Heart failure (HF) is a leading cause of morbidity and mortality particularly in older adults and patients with multiple metabolic comorbidities. Heart failure with preserved ejection fraction ...(HFpEF) is a clinical syndrome with multisystem organ dysfunction in which patients develop symptoms of HF as a result of high left ventricular (LV) diastolic pressure in the context of normal or near normal LV ejection fraction (LVEF; ≥50%). Challenges to create and reproduce a robust rodent phenotype that recapitulates the multiple comorbidities that exist in this syndrome explain the presence of various animal models that fail to satisfy all the criteria of HFpEF. Using a continuous infusion of angiotensin II and phenylephrine (ANG II/PE), we demonstrate a strong HFpEF phenotype satisfying major clinically relevant manifestations and criteria of this pathology, including exercise intolerance, pulmonary edema, concentric myocardial hypertrophy, diastolic dysfunction, histological signs of microvascular impairment, and fibrosis. Conventional echocardiographic analysis of diastolic dysfunction identified early stages of HFpEF development and speckle tracking echocardiography analysis including the left atrium (LA) identified strain abnormalities indicative of contraction-relaxation cycle impairment.

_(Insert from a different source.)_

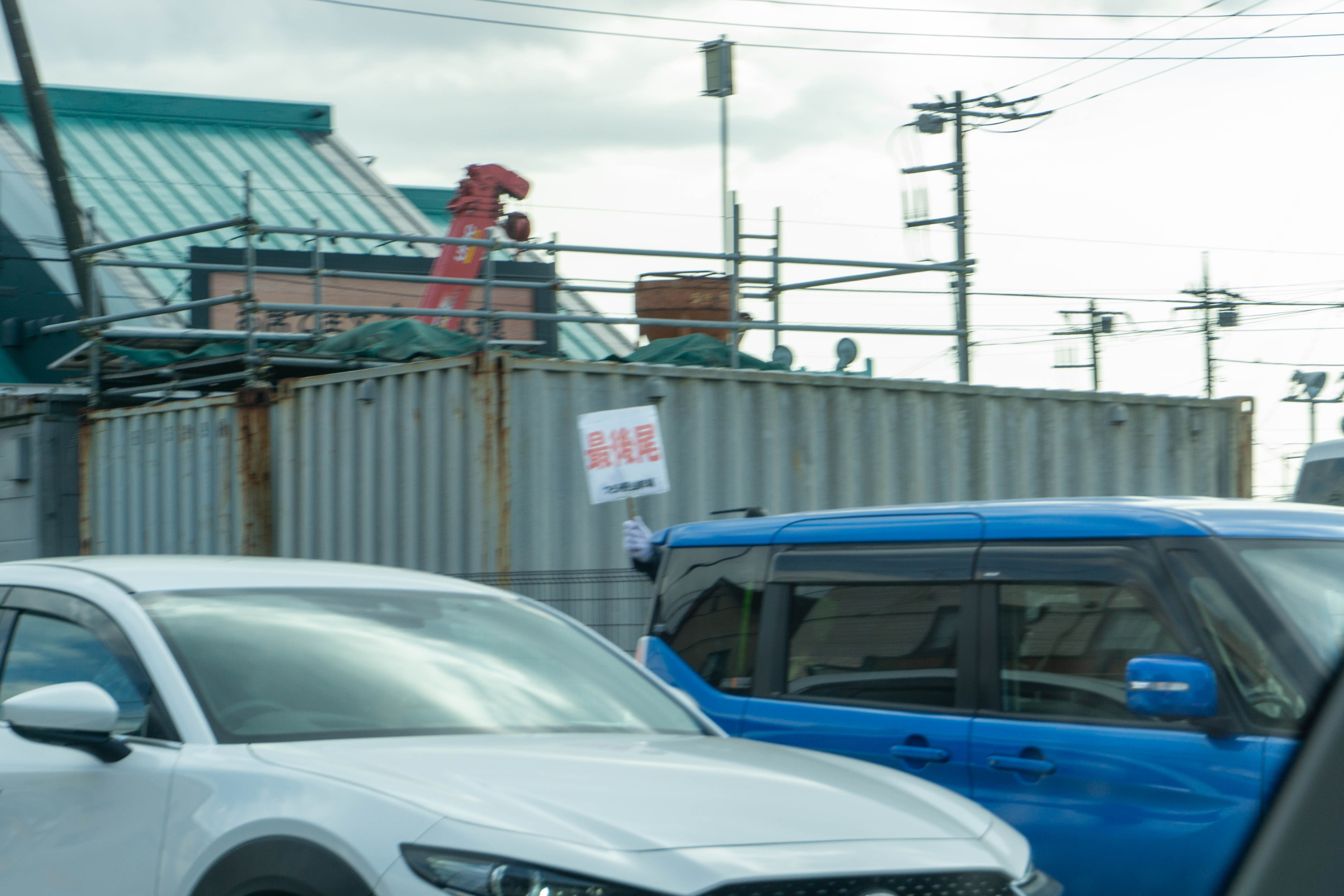 (そのお店での駐車場最後尾を案内する手と看板)

Diastolic dysfunction was validated by retrograde cardiac catheterization and analysis of LV end-diastolic pressure (LVEDP). Among mice that developed HFpEF, two major subgroups were identified with predominantly perivascular fibrosis and interstitial myocardial fibrosis. In addition to major phenotypic criteria of HFpEF that were evident at early stages of this model (3 and 10 days), accompanying RNAseq data demonstrate activation of pathways associated with myocardial metabolic changes, inflammation, activation of extracellular matrix (ECM) deposition, microvascular rarefaction, and pressure- and volume-related myocardial stress.

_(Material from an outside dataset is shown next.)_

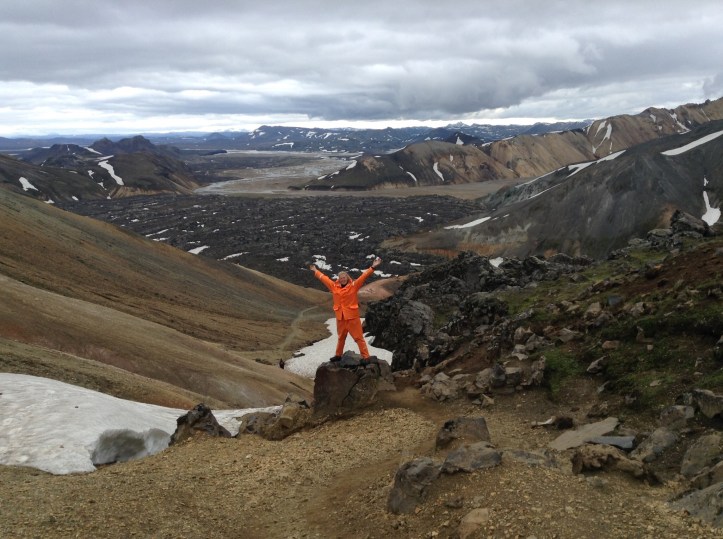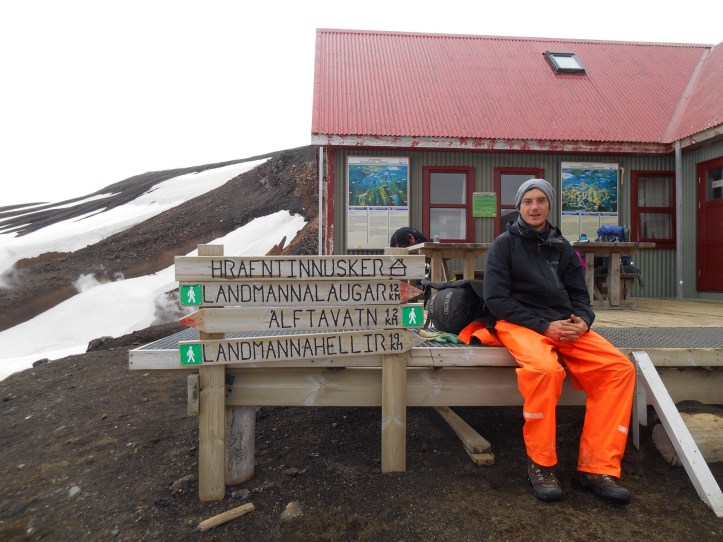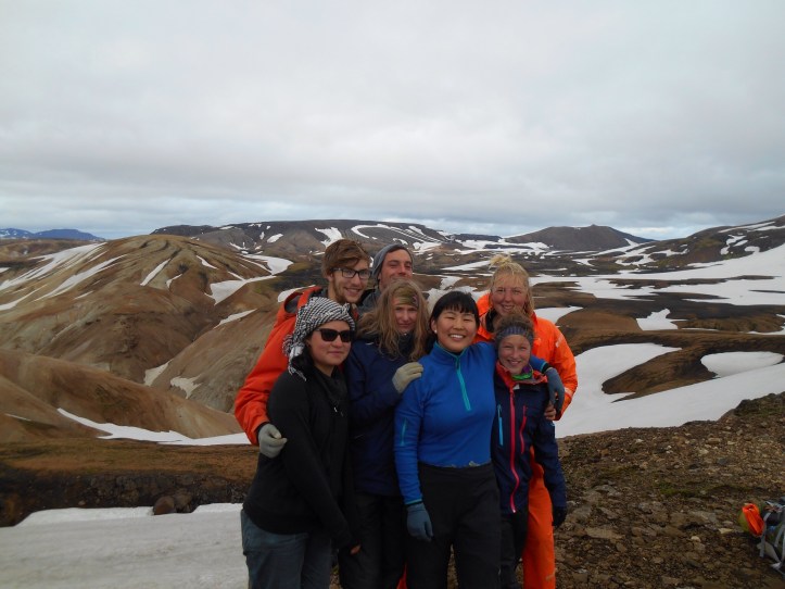The highlight of the day was by far the vast amount of sliding opportunities as we crossed large snow plateaus. The snow proved a tiring challenge but made for a beautiful landscape as we climbed ever up. Just as we neared the end the trail revealed its final secrets, a vast lava field where eerie shapes and figures lurked. The mountains here were multicoloured like something out of a child’s drawing of another planet.

Heart failure with preserved ejection fraction (HFpEF) is an emerging epidemic affecting up to half of patients with heart failure. Here we used a chronic angiotensin II/phenylephrine (ANG II/PE) infusion model and instituted an updated algorithm for HFpEF assessment. Given the simplicity in generating this model, it may become a useful tool for investigating pathogenic mechanisms, identification of diagnostic markers, and for drug discovery aimed at both prevention and treatment of HFpEF.